Swanson wanted to unearth the history of the Piedmont region of Virginia and North Carolina to figure out how it had gone from a wealthy, tobacco-farming region to a largely impoverished landscape and population.
“What I found was a horrible irony that during these steps on the road to poverty, the farmers thought they were doing something sustainable,” he said. “They genuinely viewed their tobacco crops — a particular variety called Bright Leaf, which is the core ingredient for cigarettes in the 20th century — as something that would give them a sustainable lifestyle.”
While Bright Leaf performed well in soil whose fertility had been significantly depleted by previous tobacco varieties, the soil continued to erode. And by the time farmers began relying on synthetic fertilizer in the late 1800s, it was too late.
“Then it becomes the classic Southern story — reliance on a commodity crop, debt peonage, an inability to sustain your situation,” Swanson said. “They largely destroyed the landscapes they relied on.
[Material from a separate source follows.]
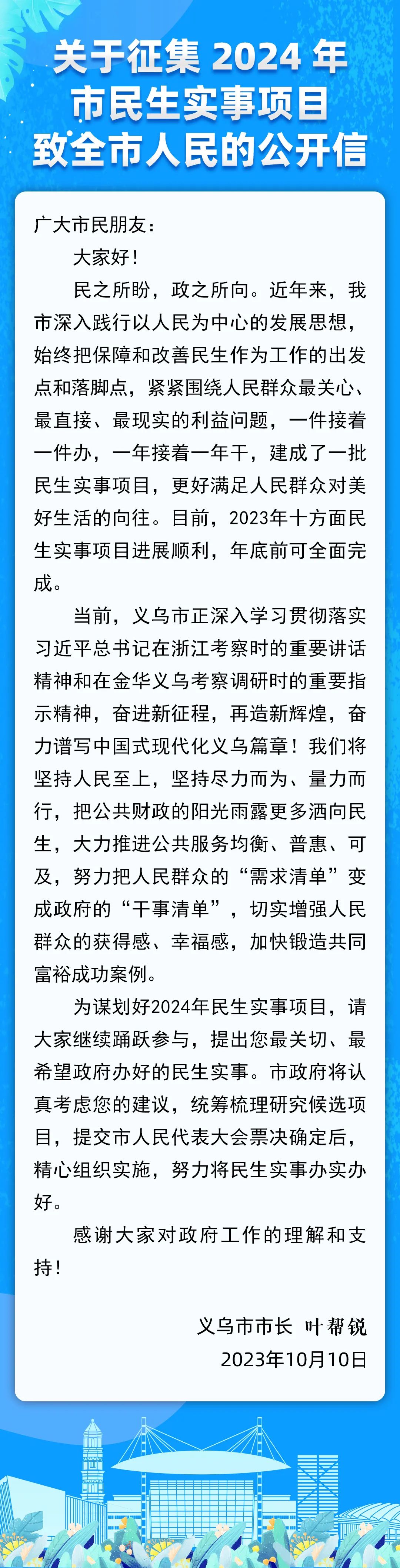 義烏市人民政府關(guān)于 公開(kāi)征集2024年民生實(shí)事項(xiàng)目的公告 人民對(duì)美好生活的向往,就是我們奮斗的目標(biāo)。為更好地解決人民群眾最關(guān)心、最直接、最現(xiàn)實(shí)的民生問(wèn)題,確保民生實(shí)事更加順應(yīng)民意、反映民情、貼近民需,市政府決定在全市范圍內(nèi)公開(kāi)征集2024年度義烏市民生實(shí)事項(xiàng)目,具體公告如下: 一、征集日期 自公告發(fā)布之日起至10月31日止。 二、征集內(nèi)容 緊扣保障和改善民生需求,圍繞住房保障、教育助學(xué)、衛(wèi)生醫(yī)療、交通出行、文化體育、食品安全、環(huán)境治理、市政建設(shè)、社會(huì)保障、養(yǎng)老助殘、社會(huì)治安、便民服務(wù)等民生領(lǐng)域的意見(jiàn)建議。 三、征集原則 (一)合規(guī)性。應(yīng)符合國(guó)家法律、法規(guī)和相關(guān)政策規(guī)定,符合我市經(jīng)濟(jì)和社會(huì)發(fā)展規(guī)劃。 (二)普惠性。應(yīng)著眼于提高群眾生活質(zhì)量和水平,符合群眾關(guān)注度高、覆蓋面廣、受益面大等特點(diǎn),惠及大多數(shù)群眾。 (三)可行性。應(yīng)立足義烏發(fā)展實(shí)際,盡力而為、量力而行,具有較強(qiáng)的針對(duì)性和可操作性。 (四)實(shí)效性。應(yīng)解決群眾所急所盼,原則上能當(dāng)年立項(xiàng)、當(dāng)年完成、當(dāng)年見(jiàn)效,具有較強(qiáng)的社會(huì)效益。 四、征集方式 您可通過(guò)以下方式提出您的民生實(shí)事項(xiàng)目建議: (一)網(wǎng)站征集。登錄義烏政府門(mén)戶(hù)網(wǎng)站(http://www.yw.gov.cn) “民生實(shí)事”征集專(zhuān)欄進(jìn)行建言。 (二)公眾號(hào)征集。搜索關(guān)注義烏發(fā)布、愛(ài)義烏等微信公眾號(hào),進(jìn)入后點(diǎn)擊最下方 “民生實(shí)事”欄目,進(jìn)入征集頁(yè)面,根據(jù)頁(yè)面提示填寫(xiě)您的信息和建議。 (三)熱線(xiàn)征集。撥打義烏市民服務(wù)熱線(xiàn)12345(96150),提出您的建議。 (四)信函征集。填寫(xiě)2024年民生實(shí)事項(xiàng)目征集表,并將您的建議郵寄至義烏市人民政府辦公室(地址:義烏市縣前街21號(hào),郵編:322000),請(qǐng)?jiān)谛欧馍蟼渥ⅰ懊裆鷮?shí)事”字樣。截止日期以郵戳為準(zhǔn)。 |

They still raise tobacco in portions of this region today, but they do it with really high fertilizer inputs and a lot of spraying so that the profits are very low.”
Swanson began research on the book in 2006, looking for answers in archives, microfilm, book collections, letters, diaries, daybooks and farm journals.
“This is a history looking from the tobacco field outward, exploring farmers’ views of the world,” Swanson writes. “It is an effort to take their claims and their environmental understandings as seriously as they did and to recover a world that has been all but lost.”
Swanson was surprised at how much money could be made by growing tobacco.
“There was the potential to become genuinely rich if you put all of the pieces together,” he said. “One farmer in 1856 reportedly made the equivalent of 30 years’ salary in one year. There was a bit of this Gold Rush fever, this lottery fever that inspired farmers and made them a little crazy.”
One newspaper even put a local farmer’s big tobacco crop on the front page and buried on Page 2 the historic news of John Brown’s raid on Harper’s Ferry, an attempt by the white abolitionist to start an armed slave revolt by seizing an arsenal.
“This is a story of the rise of a crop culture, but it is also a tale of the decline of the environment that accompanied this form of tobacco cultivation, from severe erosion to deforestation to insect infestations,” Swanson writes.
In addition to the Agricultural History Society honor, Swanson won the Ohio Academy of History’s 2015 Publication Award for junior faculty at Ohio universities.
Swanson said he hopes the book is a lesson for the future.
“It’s not that pursuit of sustainability is bad, but our understanding of sustainability is always incomplete,” he said. “So we can end up in weird places out of good intentions.”